Google Infrastructure VP Eric Brewer said in a blog: "The rise of cloud-based storage means that most (spinning) hard disks will be deployed primarily as part of large storage services housed in data centers.

"Such services are already the fastest growing market for disks and will be the majority market in the near future.

"For example, for YouTube alone, users upload over 400 hours of video every minute, which at one gigabyte per hour requires more than one petabyte (1M GB) of new storage every day or about 100x the Library of Congress."

The company has also released a white paper suggesting the need to optimise the collection of disks, rather than a single disk in a server.

Google said that YouTube uploads see a 10x increase every five years. It has suggested an overhaul of the design saying that the current generation of modern disks, often called ‘nearline enterprise’ disks, are not optimised to handle the huge inflow of data.

According to the company, the disks were designed for traditional servers and need to be redesigned to meet the need of large scale data centres and services.

"It’s a fun but apocryphal story that the width of Roman chariots drove the spacing of modern train tracks." Brewer said.

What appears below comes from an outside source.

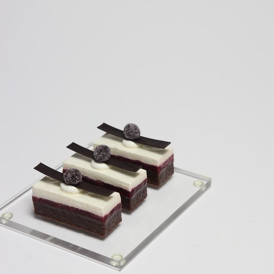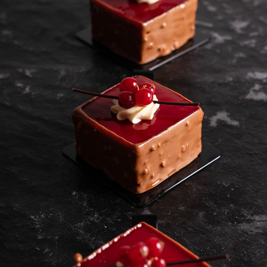 Amandelbiscuit met een laagje witte chocolade mousse, een laagje aalbessencrèmeux, afgedekt met een glanzende ...

"However, it is true that the modern disk drive owes its dimensions to the 3½" floppy disk used in PCs. It’s very unlikely that’s the optimal design, and now that we’re firmly in the era of cloud-based storage, it’s time to reevaluate broadly the design of modern disk drives."

The ‘data centre disks’ idea highlighted in the white paper suggests changes to disk designs, arguing for three differentiators for HDDs used in data centers.

The first key difference is the collection view, which focuses on aggregate properties of a large collection of disks. Secondly, the whitepaper focuses on tail latency derived from the use of storage for live services, while thirdly it focuses on variations in security requirements that stems from storing others’ data.

Google has suggested five key metrics for disk drives for data centres which include higher input output (I/O) per second IOPS, limited primarily by the HDD seek time, higher total capacity, lower tail latency, security requirements and lower total cost of ownership (TCO).

Brewer added: "This shift has a range of interesting consequences including the counter-intuitive goal of having disks that are actually a little more likely to lose data, as we already have to have that data somewhere else anyway.

"It’s not that we want the disk to lose data, but rather that we can better focus the cost and effort spent trying to avoid data loss for other gains such as capacity or system performance.

"We explore physical changes, such as taller drives and grouping of disks, as well as a range of shorter-term firmware-only changes.

"Our goals include higher capacity and more I/O operations per second, in addition to a better overall total cost of ownership. We hope this is the beginning of both a new chapter for disks and a broad and healthy discussion, including vendors, academia and other customers, about what "data center" disks should be in the era of cloud."